PROBLEM
In the copy, every line of the material that follows must appear exactly, and no pictures should.
____
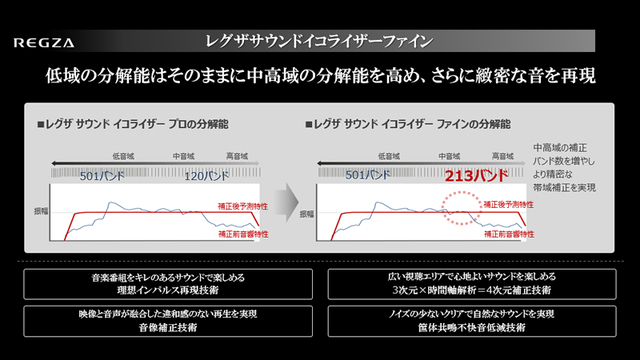 サウンドイコライザーは中高域の補正バンド数が従来の120バンドから213バンドへ大幅に増加
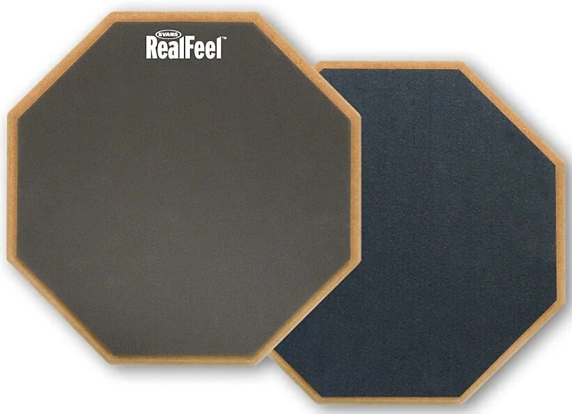tréninkový pad, průměr 12″, každá strana je jinak měkká, proto lze využívat dvou typů odskoků, pro tiché hraní a cvičení, gumový povrch, autentický pocit z hraní, extrémně dlouhá životnost
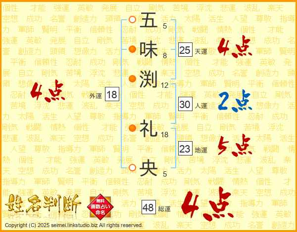 五(5画)味(8画)渕(12画) 礼(18画)央(5画)
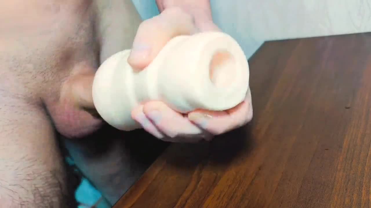 Horny guy fucks his fleshlight with a big dick, moans loud, and cums inside 😩
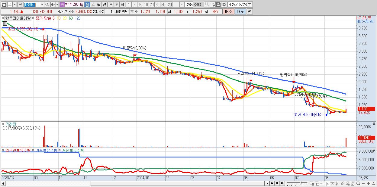 - 한주라이트메탈 (1,120원 ▲ 12.9% , 시총: 436억, 거래량: 9,217,988, 거래대금:107억)
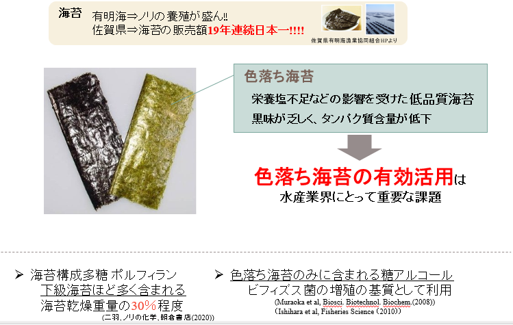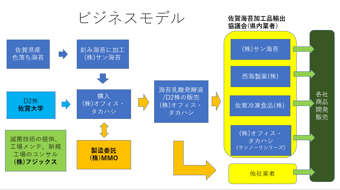 佐賀海苔加工品輸出協議会(2020年11月設立)です。(メンバー:株式会社サン海苔(松尾社長)・西海製薬株式会社(権藤社長)・佐賀冷凍食品株式会社(古賀会長)・株式会社オフィス・タカハシ)協議会の発足により商品開発は加速度的に進み、2023年12月末の免疫賦活作用がある色落ち海苔乳酸菌発酵液の工業生産化にたどり着くことができました。元松尾参事の呼びかけから5年の歳月です。
____
ANSWER
 サウンドイコライザーは中高域の補正バンド数が従来の120バンドから213バンドへ大幅に増加
tréninkový pad, průměr 12″, každá strana je jinak měkká, proto lze využívat dvou typů odskoků, pro tiché hraní a cvičení, gumový povrch, autentický pocit z hraní, extrémně dlouhá životnost
 五(5画)味(8画)渕(12画) 礼(18画)央(5画)
 Horny guy fucks his fleshlight with a big dick, moans loud, and cums inside 😩
 - 한주라이트메탈 (1,120원 ▲ 12.9% , 시총: 436억, 거래량: 9,217,988, 거래대금:107억)
 佐賀海苔加工品輸出協議会(2020年11月設立)です。(メンバー:株式会社サン海苔(松尾社長)・西海製薬株式会社(権藤社長)・佐賀冷凍食品株式会社(古賀会長)・株式会社オフィス・タカハシ)協議会の発足により商品開発は加速度的に進み、2023年12月末の免疫賦活作用がある色落ち海苔乳酸菌発酵液の工業生産化にたどり着くことができました。元松尾参事の呼びかけから5年の歳月です。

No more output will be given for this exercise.